Se despidieron los tres en la cocina cuando llamó al timbre la amiga de su hija. Como cada mañana se iban juntas al instituto. Dio un beso a su mujer y se marchó en dirección opuesta a la que había emprendido su hija. Anduvo dos calles y llegó al quiosco.
- Buenos días
- Muy buenas, ahí lo tienes- dijo sonriendo el quiosquero señalando con la mirada el diario deportivo. En la portada Ronaldinho con una corona de rey.
- Anda que si no es por éste ibais a hacer mucho.
- Claro, claro – dijo el quiosquero – será que el resto son cojos.
- Mira lo que les pasó a los galácticos, a ver si os sirve de ejemplo.
- Tranquilo, que me da a mí que estos tienen los pies bien puestos en el suelo.
Le pagó un euro y se marchó, “esto va por rachas, ya vendrán tiempos mejores”. Al girar la siguiente calle apareció el cartel “Bar Jiménez”. Se agachó para subir la persiana y abrió el local.

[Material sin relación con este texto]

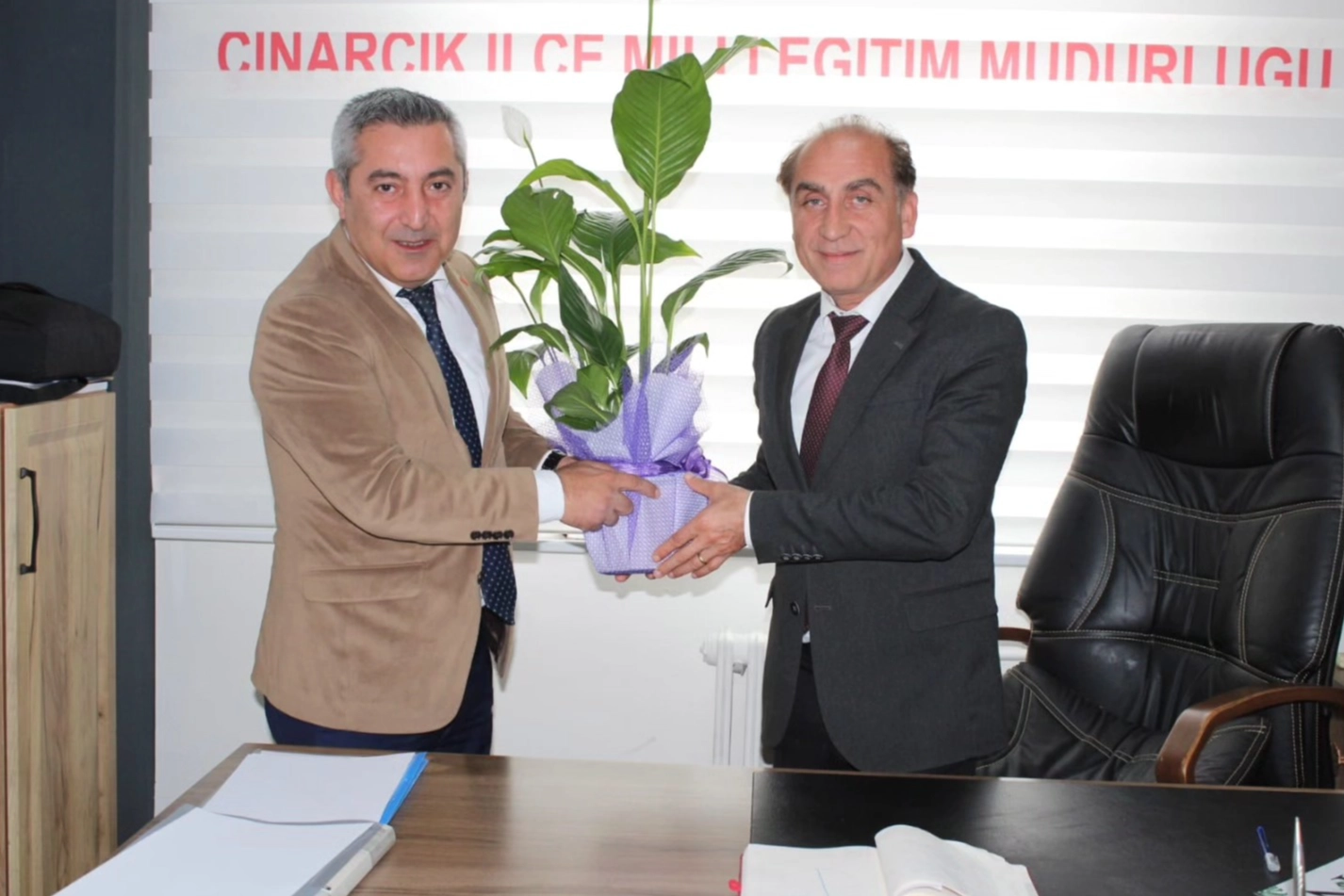 Yalova Güzel Sanatlar Lisesi Okul Müdürü Haydar Kılıç, Çınarcık İlçe Millî Eğitim Müdürü Mesut Demirci’yi makamında ziyaret ederek çiçek takdiminde bulundu.
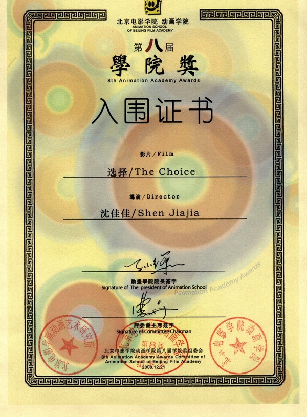 2008年沈佳佳动画作品《选择》入围第八届北京电影学院学院奖

El día no estaba yendo mal, por la mañana había servido más cafés (y carajillos) que de costumbre, y a partir de las 12 comenzaban a organizarse corrillos. Su mujer se estaba retrasando y había faena por hacer, pero aún no era preocupante, podía valerse por sí mismo. A medida que servía cerveza y vino iba rellenando los palilleros, los servilleteros, limpiando la barra y reponiendo bebida en las neveras.
- Buenos días amigo mío – exclamó sorprendido al verlo aparecer
- Muy buenas… y gracias, ¡que rapidez! – dijo al ver el quinto ya abierto encima de la barra.

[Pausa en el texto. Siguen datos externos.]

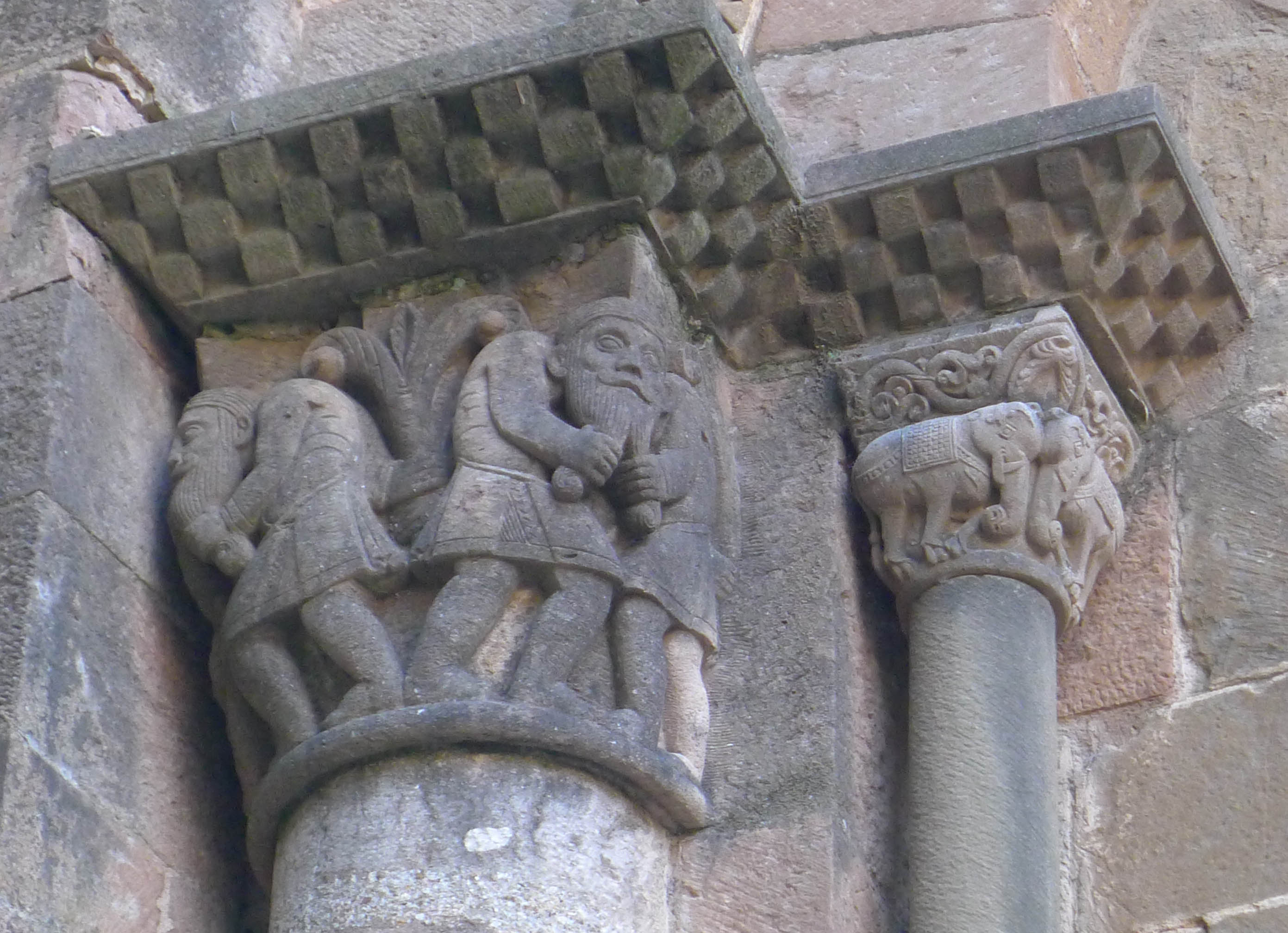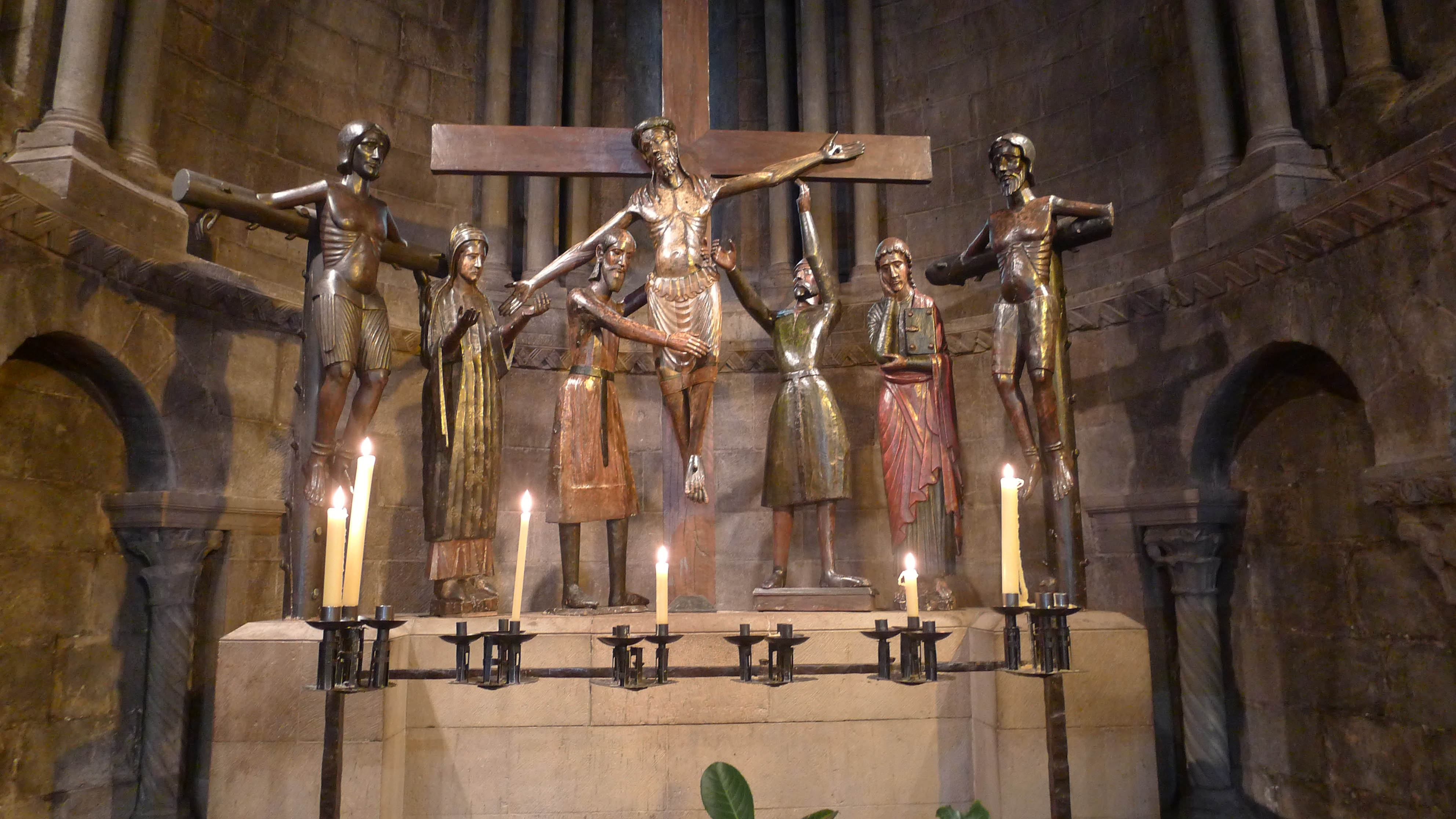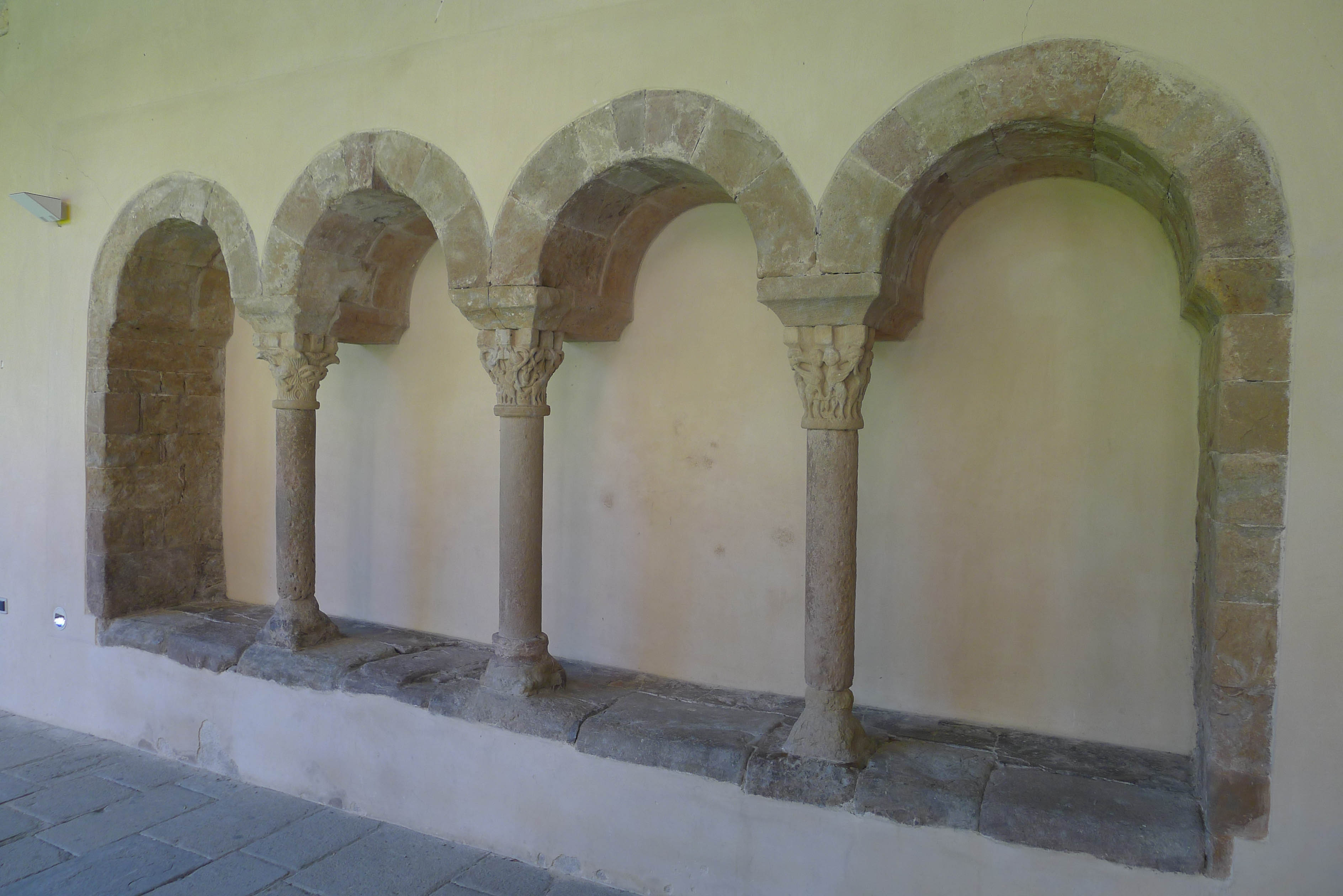 Hem vist com va començar la història, hem fet un repàs a la llegenda, acostem-nos ara a l’arquitectura. Com passa sovint, i com hem vist en altres llocs que hem visitat en les nostres sortides amb gràcia, l’edifici que podem contemplar avui és fruit de diverses actuacions. D’entrada cal dir que el mes de febrer de 1428 un terratrèmol va provocar l’esfondrament d’un claustre romànic, substituït posteriorment pel claustre gòtic que podem contemplar avui, i de part de la capçalera de l’església. Dos anys abans s’havia produït un fet que va marcar la vida del monestir: En restaurar el grup escultòric del Devallament –l’únic d’estil romànic que es conserva in situ a Catalunya-, va aparèixer, dins un receptacle fet a l’interior del cap de la figura de Crist, un Hòstia consagrada incorrupta que hi havia estat dipositada en el moment de la consagració de les imatges, l’any 1251, gairebé dos segles abans. En aquell moment va néixer la devoció del Santíssim Misteri, nom amb que es coneix aquest conjunt escultòric que presideix l’absis central de l’església. Està format per set peces: la Mare de Déu, Crist, Sant Joan, Josep d’Arimatea, Nicodem i els dos lladres: Gestes i Dimàs.

- Le advierto que hoy los callos están espectaculares, siempre están mejor de un día para otro, ¿quiere probarlos?
- No gracias, por ahora no.
- ¿Y qué tal, cómo le va el trabajo por aquí?
- Bien, aunque hoy ya acabo. Es mi último día.
- Vaya, ¿tan pronto?
- Sí – dijo con voz seria y mirándole a los ojos.
- Esperaba que estuviese más tiempo por aquí.
- Así son las cosas…
- Bueno, ¡qué remedio! – dijo el camarero rehuyendo la mirada – Voy a servir a ese corrillo que los tengo secos.
- Debemos irnos.
- ¿No vas a dejar que me despida de mi mujer?
- Lo siento.
- Bueno, supongo que así son las cosas – dijo fríamente, aunque con el corazón destrozado – Son muchos años en este bar, ¿sabes?, déjame al menos que ponga la última ronda.
- Bien. Hazlo.
El camarero se giró, abrió la nevera, sacó cuatro quintos y los puso encima de la barra al tiempo que retiraba los botellines vacíos. Fue a la cocina, cortó cuatro rebanadas de pan, les echó un hilo de aceite de oliva por encima y buscó el cuchillo jamonero. Cortó cuatro lonchas de jamón y las puso encima de las rebanadas de pan y sirvió el plato al lado de los cuatro quintos “Esta ronda corre de mi cuenta, buen provecho”. Se quedó varios segundos mirando al bar, con la esperanza de ver a su mujer apareciendo por la puerta.
- Debemos irnos.
- Bien, vamos – dijo con voz entrecortada - Vaya, ¡entonces es verdad eso del túnel!